AbstractIt is generally accepted that the absence of recombination reduces the efficacy of natural selection for, or against, mutations. A special case is Muller’s Ratchet (MR) whereby non-recombining genomes experience irreversible fitness decline due to the accumulation of deleterious mutations. MR has been a main hypothesis for sexual reproduction as well as many other biological phenomena. We now ask whether the fitness decline can indeed be stopped if an asexual population turns sexual to become recombining. The possible fitness decline under recombination is referred to as Ohta’s Ratchet (OR). In comparison, MR is more effective in driving fitness reduction than OR, but only in a restricted parameter space of mutation rate, population size and selection. Outside of this space, the two ratchets are equally effective or, alternatively, neither is sufficiently powerful.
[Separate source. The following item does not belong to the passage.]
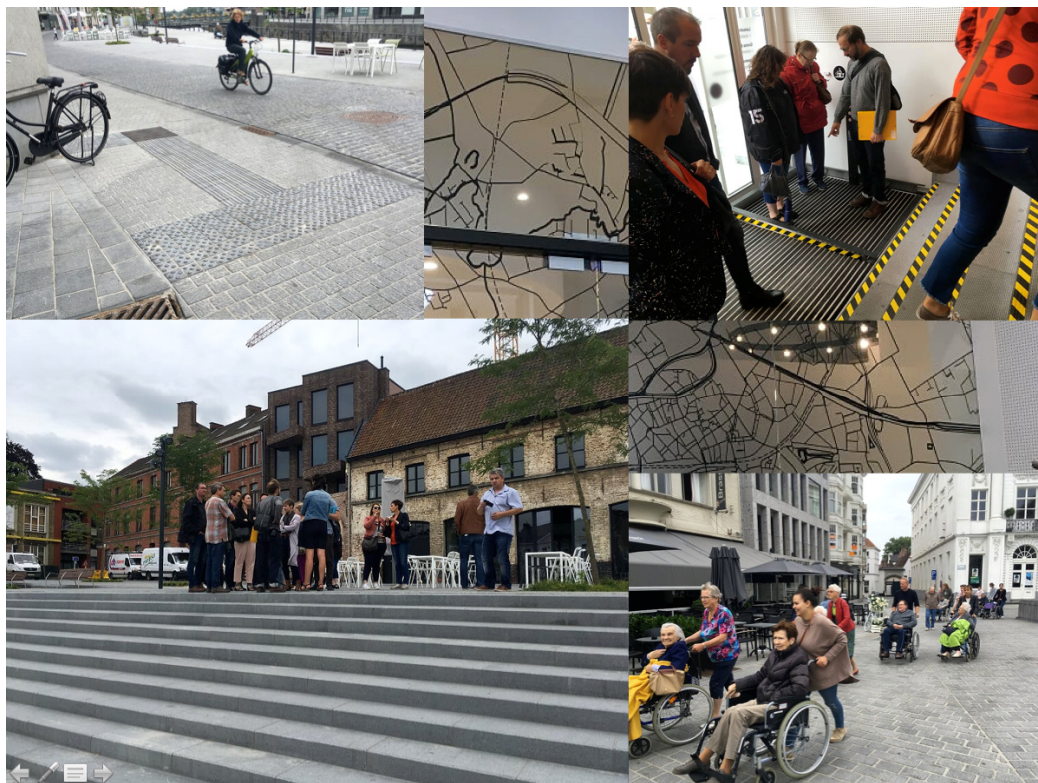
Visite des aménagements de la ville de Courtrai – Session Mons 2018.

Nous avons rencontré différents porteurs de projets (CATUs, échevins, entrepreneurs, etc.) et échangé avec eux sur leur expérience de terrain. Plusieurs villes et villages ont déjà anticipé l'action et développé de multiples actions, services et outils opérationnels.

Furthermore, beneficial mutations can affect the population fitness, which may diverge between the two ratchets, but only in a small parameter space. Since recombination plays a limited role in driving fitness decline, the operation of MR could be far less common in nature than believed. A companion report (see Supplement) surveying the biological phenomena attributed to MR indeed suggests the alternative explanations to be generally more compelling.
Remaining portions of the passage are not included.